Task goal
Pictures stay out of the copy. Retype exactly the lines below from the one with "7月8日,在美国路易斯安那州" through the one with "Durante a fiscalização".

BEGIN

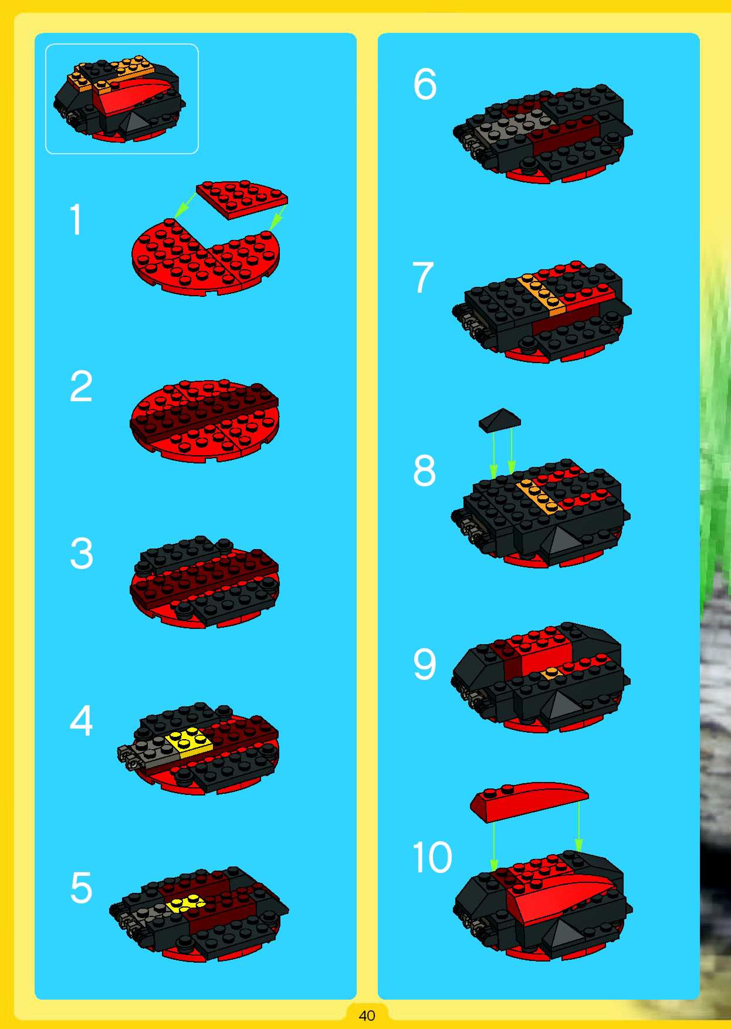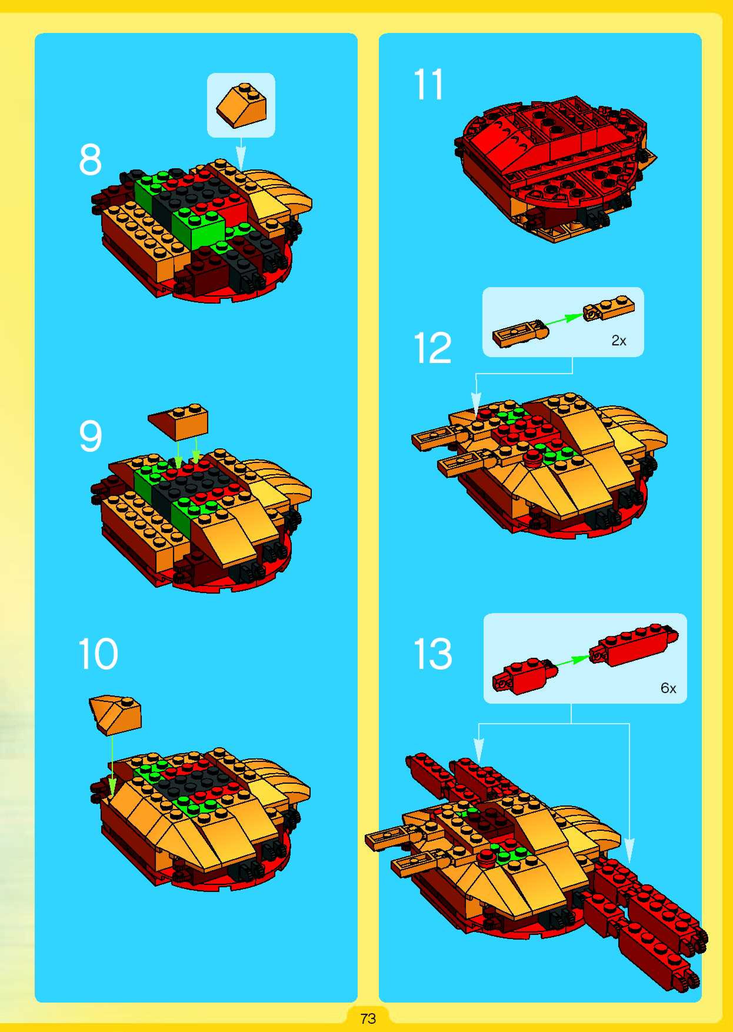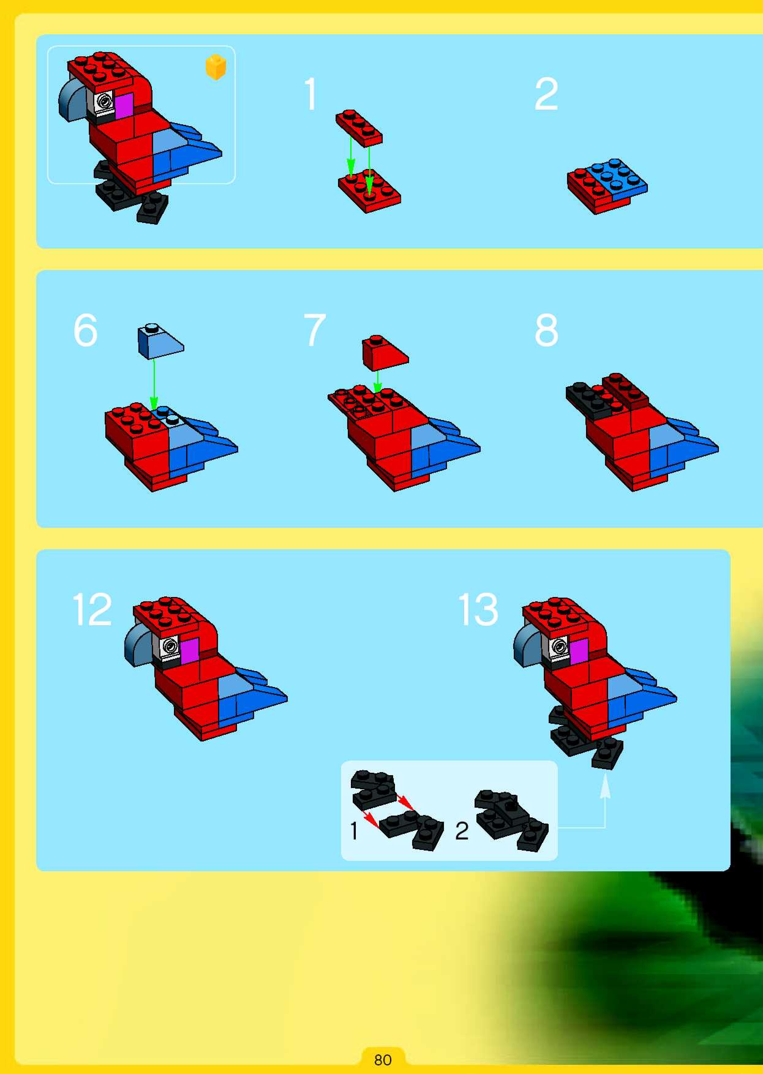 The assembly guide is prepared in a very understandable way for children and adult LEGO enthusiasts. A total of 84 picture galleries are shown, explaining the step-by-step construction stages for 1 different structures.
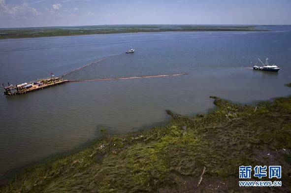 7月8日,在美国路易斯安那州斯莱德尔附近的庞恰特雷恩湖,工作船收集泄漏原油。美国得克萨斯州官员5日证实,该州东部海滩发现来自墨西哥湾漏油油井的油球。这表明,墨西哥湾泄漏的原油已扩散至美国墨西哥湾沿岸所有5个州。当地媒体报道说,从东部的佛罗里达到西部的得克萨斯,报告发现油污的范围已横跨近900公里。新华社/路透
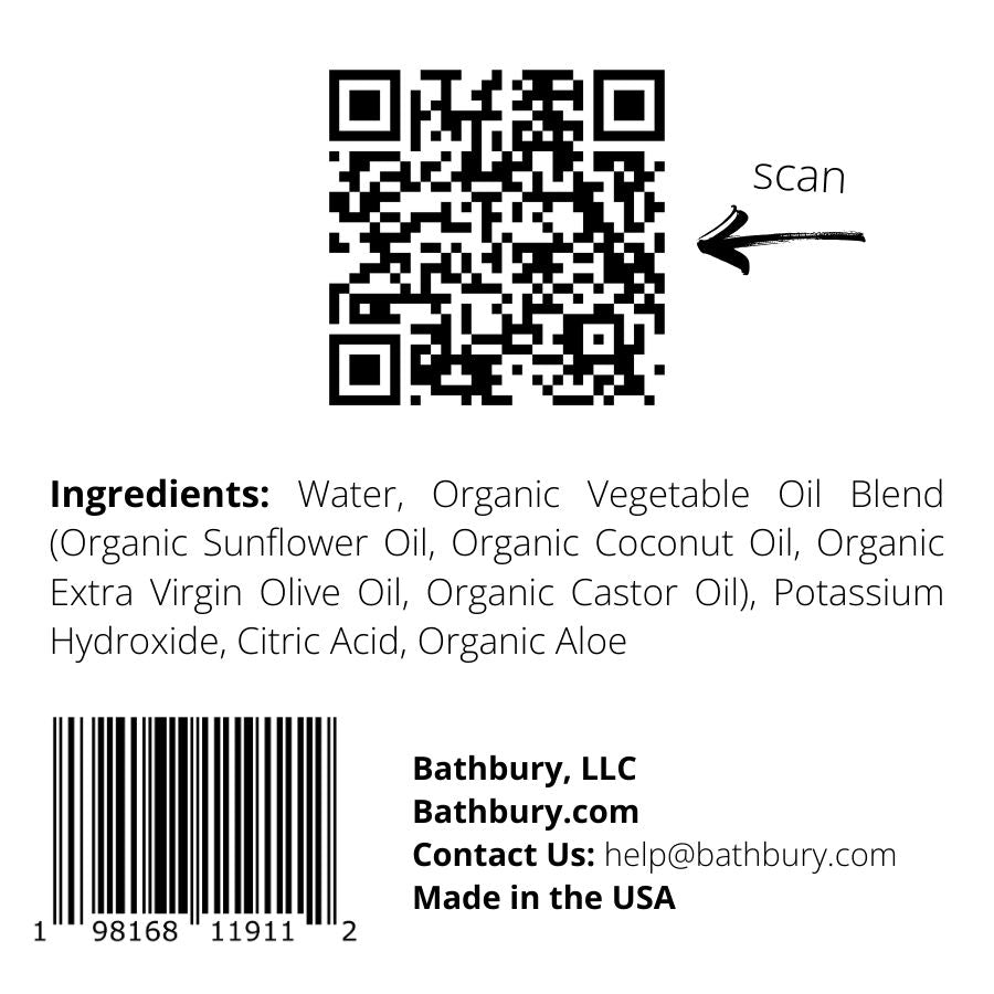 Ingredients: Water, Organic Vegetable Oil Blend (Organic Sunflower Oil, Organic Coconut Oil, Organic Extra Virgin Olive Oil, Organic Castor Oil), Potassium Hydroxide, Citric Acid, Organic Aloe.
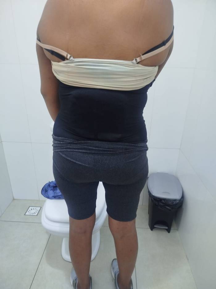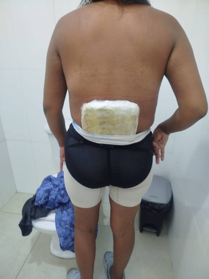 Durante a fiscalização no ônibus, duas passageiras que ocupavam as poltronas 19 e 20 apresentaram respostas desconexas. Ao serem submetidas à busca pessoal, os policiais localizaram 02 invólucros com cocaína, acondicionados junto às costas, em formato semelhante a placas de colete balístico.
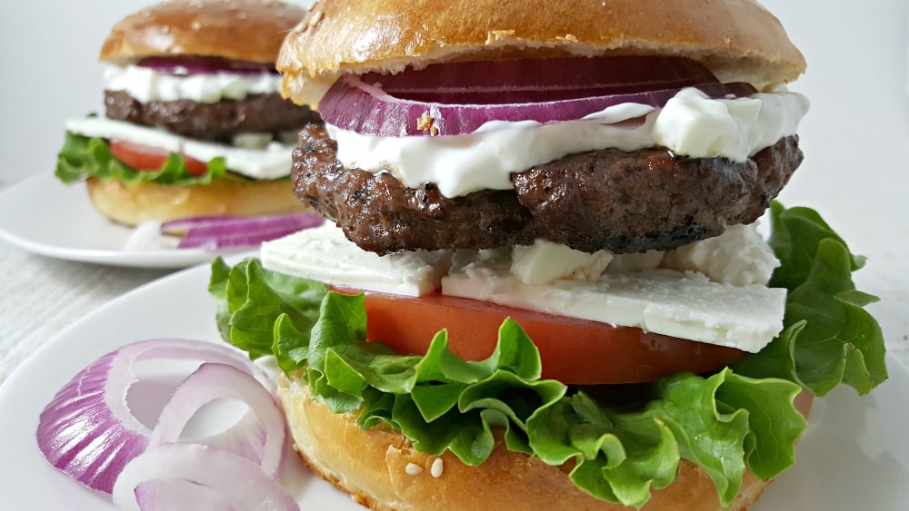 Las hamburguesas griegas con queso feta son grandes, deliciosas, jugosas y carnosas, cubiertas con lechuga, tomate, queso feta, cebolla morada y salsa cremosa de pepino.

END

Finished exercise
 7月8日,在美国路易斯安那州斯莱德尔附近的庞恰特雷恩湖,工作船收集泄漏原油。美国得克萨斯州官员5日证实,该州东部海滩发现来自墨西哥湾漏油油井的油球。这表明,墨西哥湾泄漏的原油已扩散至美国墨西哥湾沿岸所有5个州。当地媒体报道说,从东部的佛罗里达到西部的得克萨斯,报告发现油污的范围已横跨近900公里。新华社/路透
 Ingredients: Water, Organic Vegetable Oil Blend (Organic Sunflower Oil, Organic Coconut Oil, Organic Extra Virgin Olive Oil, Organic Castor Oil), Potassium Hydroxide, Citric Acid, Organic Aloe.
 Durante a fiscalização no ônibus, duas passageiras que ocupavam as poltronas 19 e 20 apresentaram respostas desconexas. Ao serem submetidas à busca pessoal, os policiais localizaram 02 invólucros com cocaína, acondicionados junto às costas, em formato semelhante a placas de colete balístico.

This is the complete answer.